В это утро Роберт рано покинул домик старой одинокой Гарпины, где он снимал комнатку. Село давно уже проснулось. Люди успели вытопить хаты, и им приказано было идти на работы.

– Пан Роберт! – По хриплому полосу Роберт узнал полицая Омелько.

– Чего тебе?

– Да вот опять… Аришка не хочет идти на окопы. Обвязала голову полотенцем и говорит, что больная. Врет! Здорова, как телка. И мать не идет. Говорит, что старая… – докладывал Омелько, расправляя на плече ремень от винтовки.

У Омельки были старые счеты с семьей Сегеды.
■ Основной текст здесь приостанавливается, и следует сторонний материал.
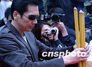 香港藝員劉青云、周聰在拜神儀式上。 中新社記者:錢(qián)興強(qiáng)
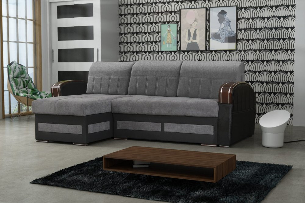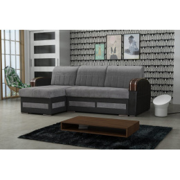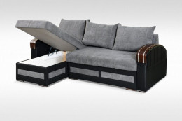 Designová sedací souprava v krásné kombinaci šedých látek a dřeva v barvě ořechu. Sedačka je vyrobena z pružin v kombinaci s kvalitní PUR pěnou. Sedačka je rozkládací s praktickým úložným prostorem. Je univerzální - tzn.při montáži se rozhodnete pro pravou nebo levou variantu. Dřevěné prvky jí dodávají na jedinečnosti a bude se vyjímat v každém interiéru. Zboží je dodáváno v demontu na paletě.
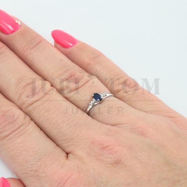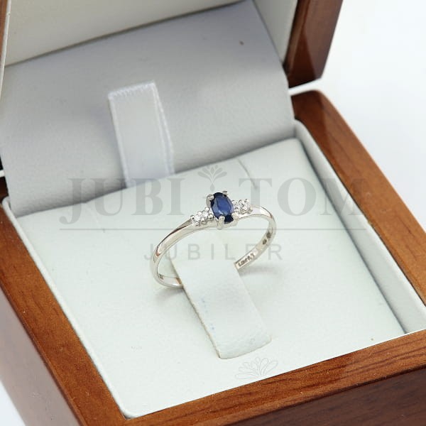 Pierścionek z brylantami i owalnym szafirem złoto próby 585
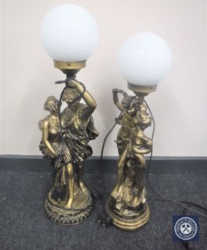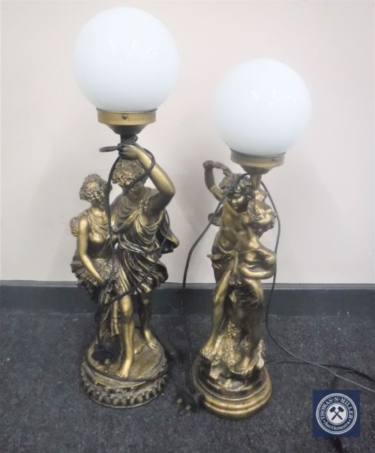 A pair of contemporary gilt table lamps modelled as lovers. (2)
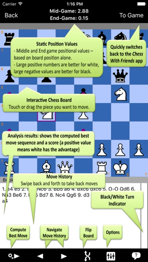 Do you play Chess with Friends? Do you want to totally annihilate your opponents? Avoid major Blunders? Improve your chess skills? Then this app is for you!!
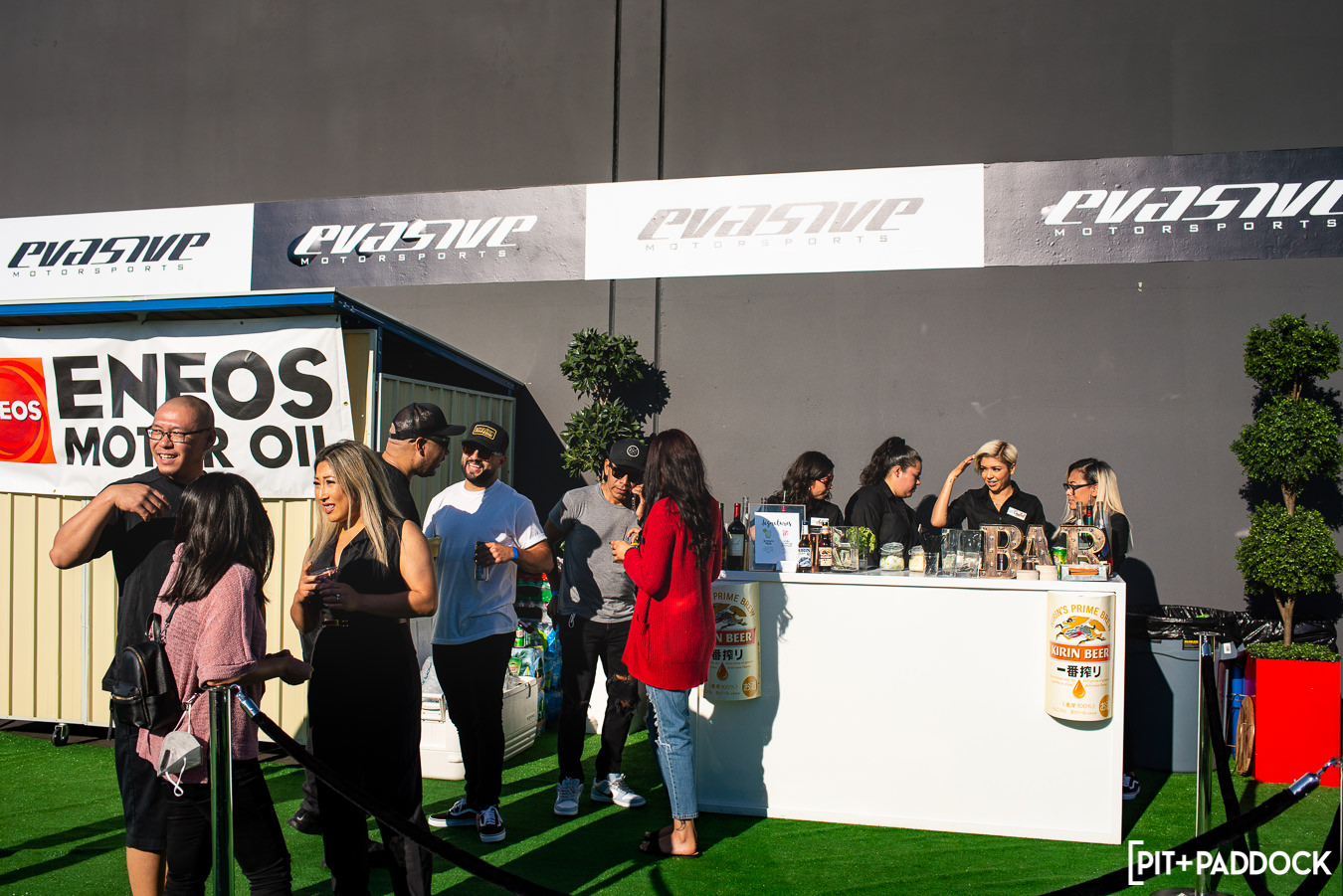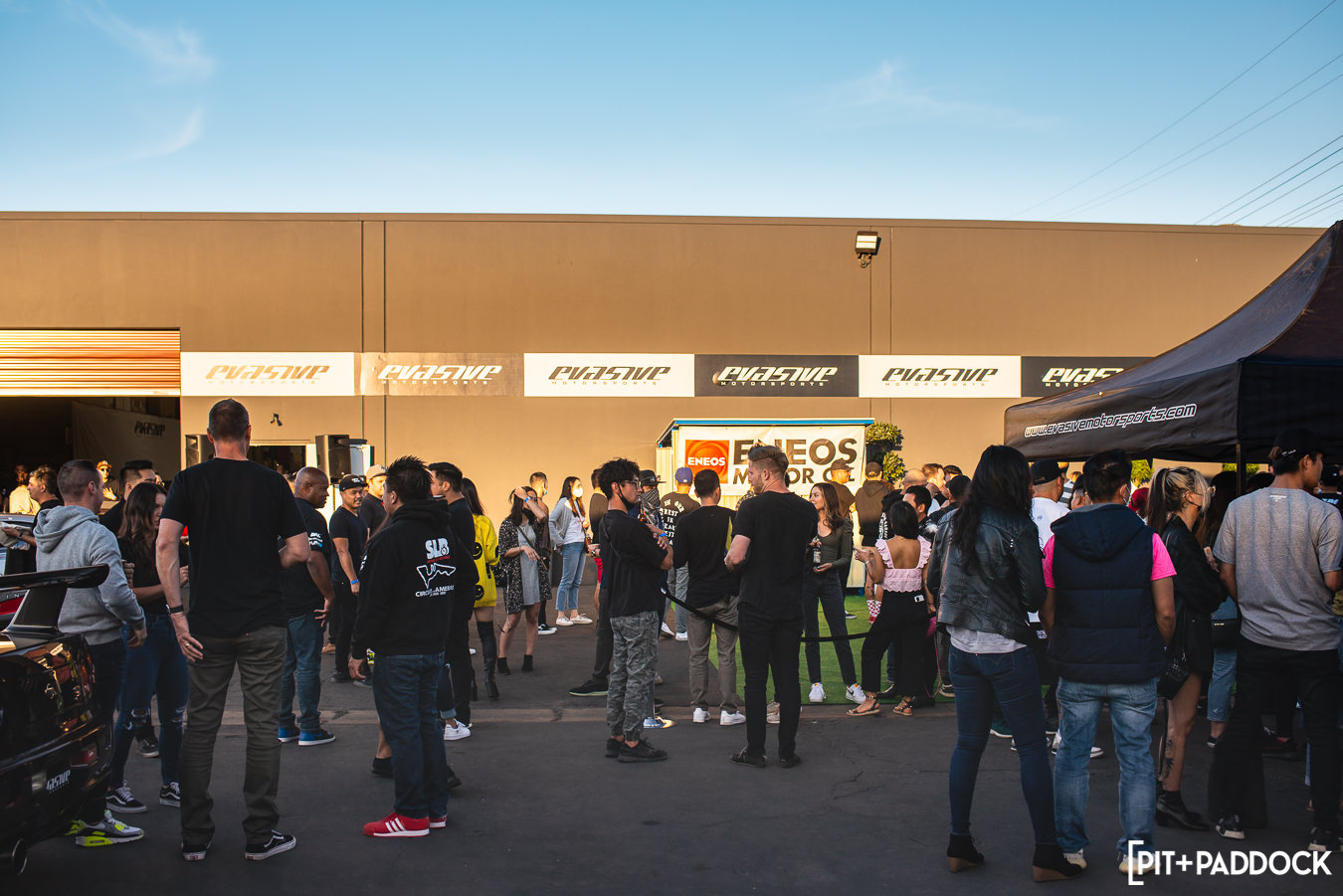 As guests made their way through the green grass-walled entrance installed for the day, they ran into many industry friends and guests on hand, which included the folks at ENEOS, Toyo Tires (thanks for bringing the Toyo girls and the rig out!), KW Suspension, CSF and more. There was also no shortage of auto influencers, either, with Dustin Williams, Emelia Hartford, RJ DeVera, Sara Choi, Ken Gushi, and more in the house. It honestly felt like a SEMA party more than an open house, and that is truly what made it feel special for Pit+Paddock and Evasive Motorsports to bring the community together.

В сороковом году попробовал он выводить по ночам чужих телок, резал их с помощью своих дружков и отправлял мясо в Харьков, – поездом или на грузовых машинах. Украли они телка и у Сегеды. Те подняли шум. Милиция нашла в Омелькиной кладовой мясо. Его судили. С приходом немцев, однако, Омелько вернулся в село и уже больше двух лет издевается над своими односельчанами.

– Хорошо. Я знаю. Но тебе советую: если хочешь жить в мире со мной и комендантом, не трогай Орисю и ее мать…

– Напрасно вы к Аришке подъезжаете!.. И что вы нашли в ней привлекательного? Девка с норовом… Смотрите, чтоб не отравила вас. Эта все может! – шепотом предостерегал Омелько.

– Ты не забудь, что я тебе сказал!

– Да кто же захочет с комендантом враждовать… Да и с вами.

– Договорились?

– Ладно, пан! – согласился Омелько и, приложив согнутые ладони ко рту, крикнул:– Гей, там Мирошниченковы! Пора! Вот народ! К каждому приди и каждому постучи. Пораспускались! – ругался он.

Еще на той неделе Харих решил перенести комендатуру из школы в дом, где до войны была амбулатория. В школе Харих побаивался русских самолетов: дом большой, заметный с высоты. В бывшей амбулатории комнаты, правда, поменьше, но рядышком помещение довоенной почты, приспособленной под тюрьму: окна все перечерчены железными решетками. Справа от тюрьмы открывался живописный вид – пруд, окаймленный вербами. Гауптман Харих любил природу. Он даже собирал коллекцию почтовых открыток с ландшафтами.

Возле комендатуры уже стояла машина Хариха. Шофер, сидя в кабине, грелся на солнце. Роберт поздоровался с ним и справился, как идут дела. Шофер ответил полусонным голосом:

– Сегодня поедем под Белгород.

– Что же так далеко?

– Господин гауптман не один… С ним поедет оберст-инженер из главного штаба…

Роберт не стал дальше расспрашивать. Он догадывался, что приезжий полковник интересуется будущими оборонительными рубежами, и побаивался, что Харих может теперь не взять его с собой. Накануне он нашел в Орисином альбоме три открытки из серии «Украинские типы и виды природы», отпечатанные в Швейцарии еще в 1916 году. На одной из них – речка Ворскла с ее извилистыми живописными берегами…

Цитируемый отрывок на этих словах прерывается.